**Task instructions**. Only the lines from the start of the data below through the line that contains "Men's Floral Vacation" are to be copied, exactly and without pictures.

**Recorded information**.

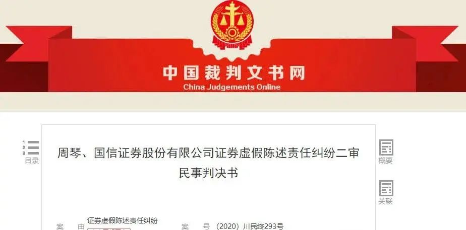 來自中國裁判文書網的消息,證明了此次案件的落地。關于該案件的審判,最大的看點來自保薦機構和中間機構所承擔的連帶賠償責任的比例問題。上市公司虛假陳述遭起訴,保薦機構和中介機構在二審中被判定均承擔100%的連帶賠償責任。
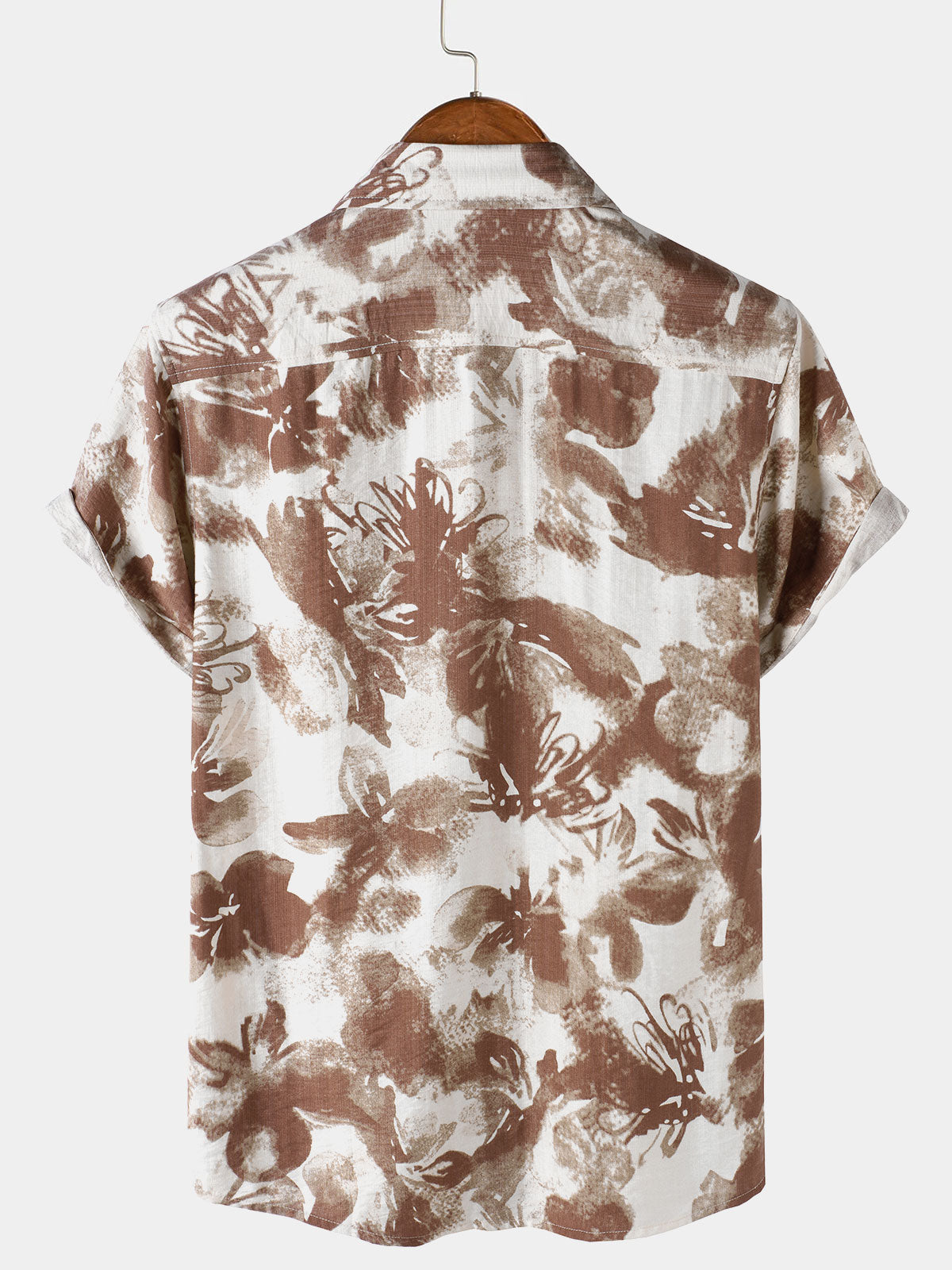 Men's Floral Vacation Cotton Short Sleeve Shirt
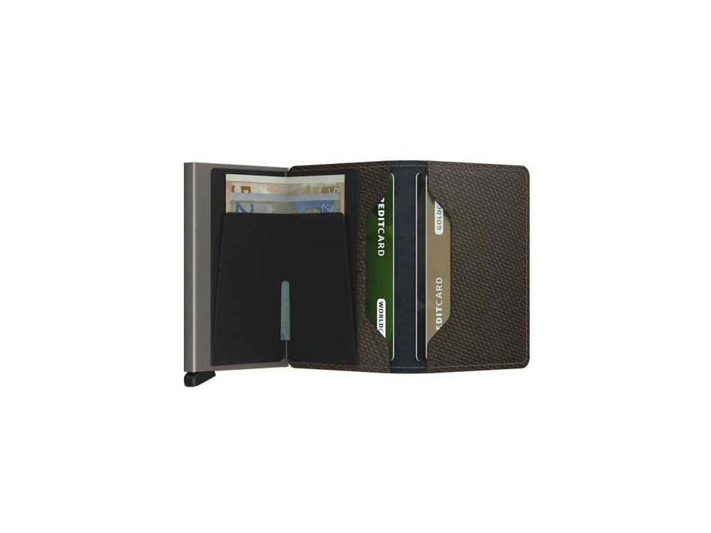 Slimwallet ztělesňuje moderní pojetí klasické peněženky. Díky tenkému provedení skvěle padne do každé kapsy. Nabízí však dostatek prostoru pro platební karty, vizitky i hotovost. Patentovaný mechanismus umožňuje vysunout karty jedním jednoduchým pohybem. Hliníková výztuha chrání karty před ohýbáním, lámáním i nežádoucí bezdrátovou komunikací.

**Answer for this exercise**.
 來自中國裁判文書網的消息,證明了此次案件的落地。關于該案件的審判,最大的看點來自保薦機構和中間機構所承擔的連帶賠償責任的比例問題。上市公司虛假陳述遭起訴,保薦機構和中介機構在二審中被判定均承擔100%的連帶賠償責任。
 Men's Floral Vacation Cotton Short Sleeve Shirt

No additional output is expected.